# Gentoo Freezing on emerge and compile

## magemaster

hello all,

My notebook, a HP DV6110BR (SEMPRON 3400+ , GEFORCE GO 6150)

Constantly freeze on emerge --search  and during compilations, I believe that is on the fan controller, because on windows I have no problems and the cpu fan goes full speed sometimes, but on linux don't.

I search a bit, find something about dsdt, corrected mine, but the problem stills occur.

I think that is a HP bios problem. and only a bios update or development of compatable drivers for linux can fix that.

How do I do any of this temporary solutions:

1 - Make the CPU fan always full speed.

2 - Fix the cpu clock on 800Mhz, so the CPU doesn't go so hot.

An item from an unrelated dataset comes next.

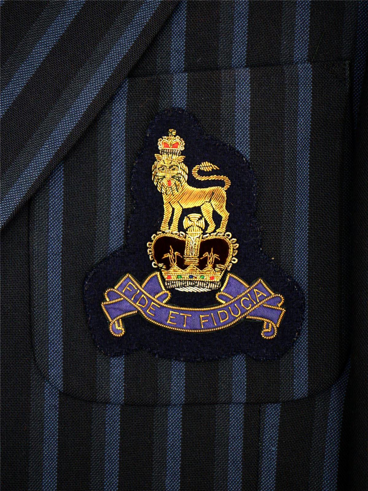 The chest pocket has a three-dimensional crest with the motto Fide et Fiducia (in faith and trust).
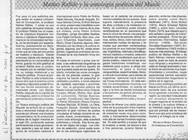 Matías Rafide y la antología poética del Maule [artículo] Mauricio Ostria González

I am brazilian, english its not my speciality, I hope you can understand something   :Very Happy: 

----------

## kraix

I assume you were able to use the live cd alright and compiled a few things from it? If so it isn't the cpu getting to hot, a way to check would be to boot up your live cd and try doing an emerge in it. If it doesn't freeze it isn't that it is getting to hot. I am also having this problem, though it might be something else do to unusualities in my system which I am currently fixing. I don't have that exact model though, I have the 6113us. Did you upgrade to the most recent Bios version? I would assume, it is for mine at least, it would be F-28? My problems didn't exist until I upgraded to that version.

----------

## magemaster

Exactly man, I don't have this sort of problems with the installation CD, I can compile the kernel and others stuff without problem, only from hard disk, my bios is F.27.

----------

## magemaster

Yesterday I used cpufreq-d and set my max clock to 800Mhz. 6h:30min compiling(emerge -e world) and no freeze at all. I think it's the temps no?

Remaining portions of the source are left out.